# Exercise prompt
Pictures in the material below are to be left out, and only the lines from the line with "В Индии началось" up to and including the line with "ศูนย์โรคหัวใจ กลุ่มงานอายุรกรรม โรงพยาบาลตำรวจ" are to be written out exactly.

# Input for this task
|---|

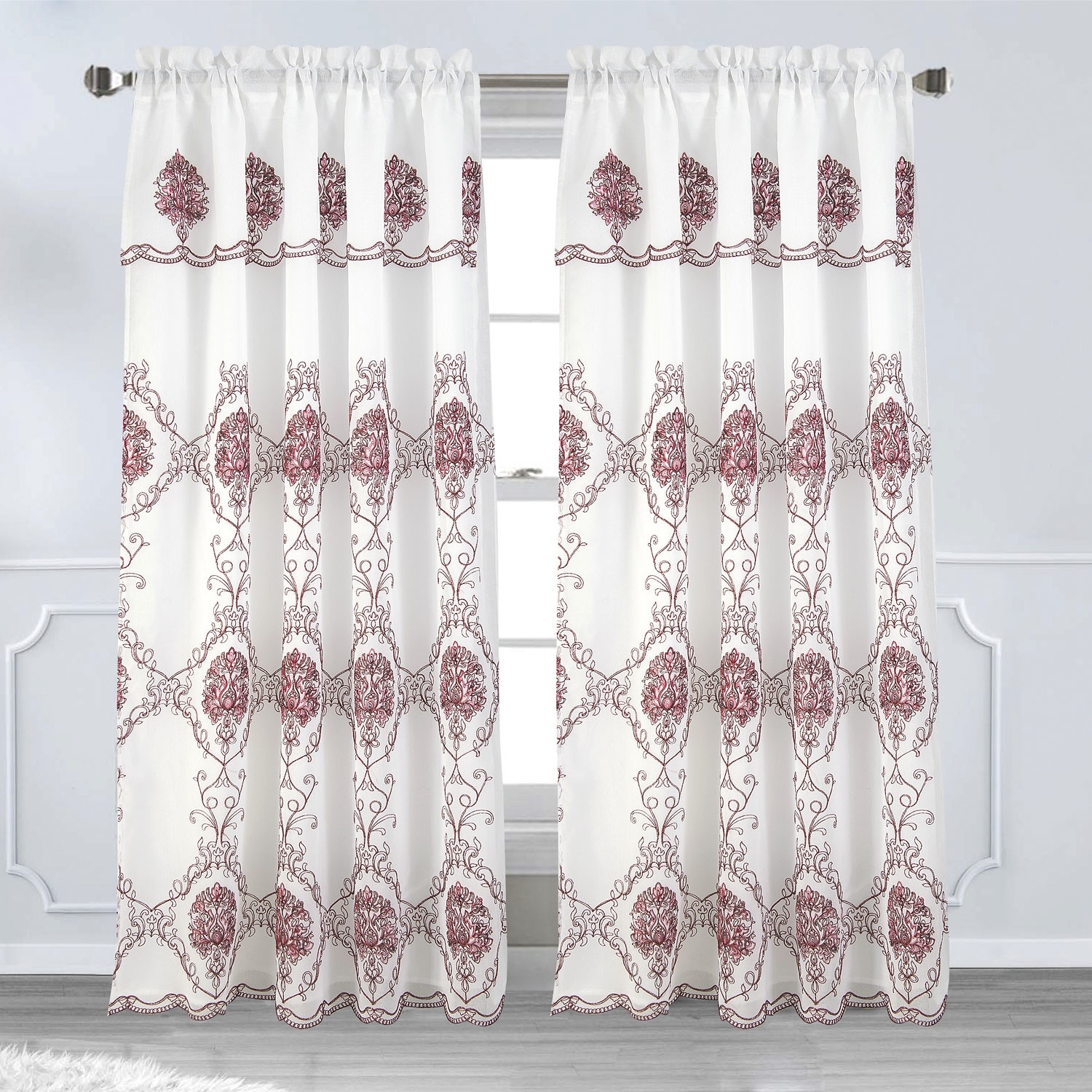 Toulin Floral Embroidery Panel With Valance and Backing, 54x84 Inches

|---|

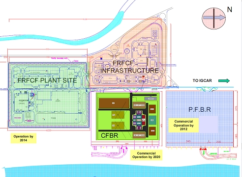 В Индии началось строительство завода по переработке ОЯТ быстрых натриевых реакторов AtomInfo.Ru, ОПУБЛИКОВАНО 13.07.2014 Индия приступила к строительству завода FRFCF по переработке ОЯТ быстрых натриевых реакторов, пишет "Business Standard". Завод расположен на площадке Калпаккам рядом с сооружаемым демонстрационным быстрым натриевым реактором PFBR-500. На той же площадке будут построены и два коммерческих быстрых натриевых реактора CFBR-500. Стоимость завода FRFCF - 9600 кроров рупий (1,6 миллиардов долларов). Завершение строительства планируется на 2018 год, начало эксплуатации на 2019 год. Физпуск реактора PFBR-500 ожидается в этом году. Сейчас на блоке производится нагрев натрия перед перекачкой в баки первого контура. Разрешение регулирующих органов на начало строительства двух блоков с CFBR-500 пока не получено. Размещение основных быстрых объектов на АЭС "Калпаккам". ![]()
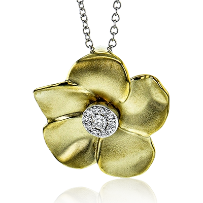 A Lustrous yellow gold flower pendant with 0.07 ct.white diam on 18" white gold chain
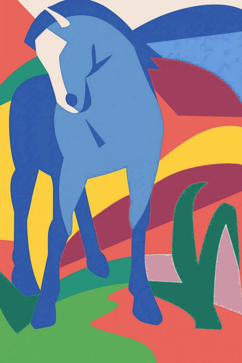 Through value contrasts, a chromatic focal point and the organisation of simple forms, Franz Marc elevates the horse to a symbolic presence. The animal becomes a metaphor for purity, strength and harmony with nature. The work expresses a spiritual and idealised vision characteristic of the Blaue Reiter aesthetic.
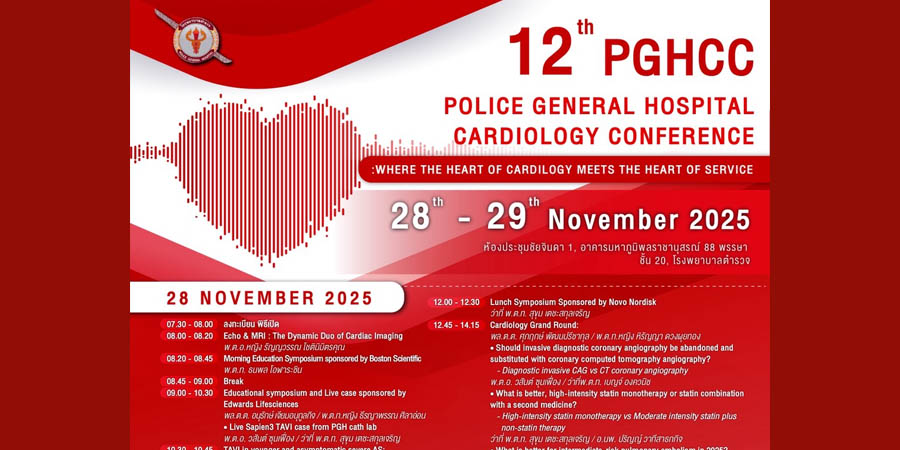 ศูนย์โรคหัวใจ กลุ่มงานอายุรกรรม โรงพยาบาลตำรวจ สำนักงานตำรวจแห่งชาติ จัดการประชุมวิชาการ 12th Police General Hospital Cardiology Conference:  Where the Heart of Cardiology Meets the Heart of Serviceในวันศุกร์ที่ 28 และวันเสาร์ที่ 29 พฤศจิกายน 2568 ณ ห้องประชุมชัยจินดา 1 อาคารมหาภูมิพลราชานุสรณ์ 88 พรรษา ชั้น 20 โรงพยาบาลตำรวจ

|---|

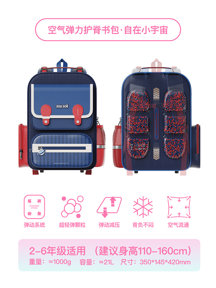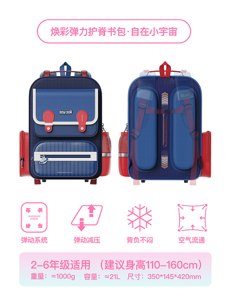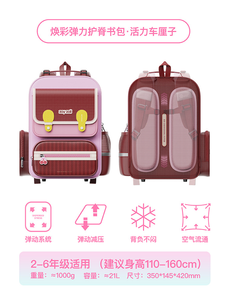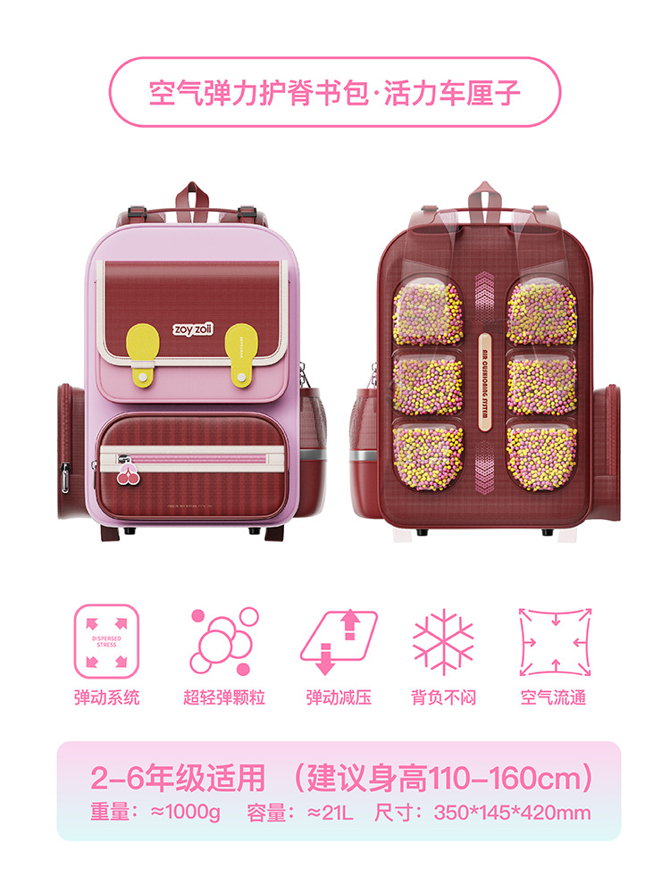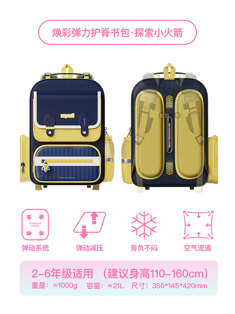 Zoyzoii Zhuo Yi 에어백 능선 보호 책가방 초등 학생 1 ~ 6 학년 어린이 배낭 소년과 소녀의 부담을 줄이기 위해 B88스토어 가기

|---|

# Your response
 В Индии началось строительство завода по переработке ОЯТ быстрых натриевых реакторов AtomInfo.Ru, ОПУБЛИКОВАНО 13.07.2014 Индия приступила к строительству завода FRFCF по переработке ОЯТ быстрых натриевых реакторов, пишет "Business Standard". Завод расположен на площадке Калпаккам рядом с сооружаемым демонстрационным быстрым натриевым реактором PFBR-500. На той же площадке будут построены и два коммерческих быстрых натриевых реактора CFBR-500. Стоимость завода FRFCF - 9600 кроров рупий (1,6 миллиардов долларов). Завершение строительства планируется на 2018 год, начало эксплуатации на 2019 год. Физпуск реактора PFBR-500 ожидается в этом году. Сейчас на блоке производится нагрев натрия перед перекачкой в баки первого контура. Разрешение регулирующих органов на начало строительства двух блоков с CFBR-500 пока не получено. Размещение основных быстрых объектов на АЭС "Калпаккам". ![]()
 A Lustrous yellow gold flower pendant with 0.07 ct.white diam on 18" white gold chain
 Through value contrasts, a chromatic focal point and the organisation of simple forms, Franz Marc elevates the horse to a symbolic presence. The animal becomes a metaphor for purity, strength and harmony with nature. The work expresses a spiritual and idealised vision characteristic of the Blaue Reiter aesthetic.
 ศูนย์โรคหัวใจ กลุ่มงานอายุรกรรม โรงพยาบาลตำรวจ สำนักงานตำรวจแห่งชาติ จัดการประชุมวิชาการ 12th Police General Hospital Cardiology Conference:  Where the Heart of Cardiology Meets the Heart of Serviceในวันศุกร์ที่ 28 และวันเสาร์ที่ 29 พฤศจิกายน 2568 ณ ห้องประชุมชัยจินดา 1 อาคารมหาภูมิพลราชานุสรณ์ 88 พรรษา ชั้น 20 โรงพยาบาลตำรวจ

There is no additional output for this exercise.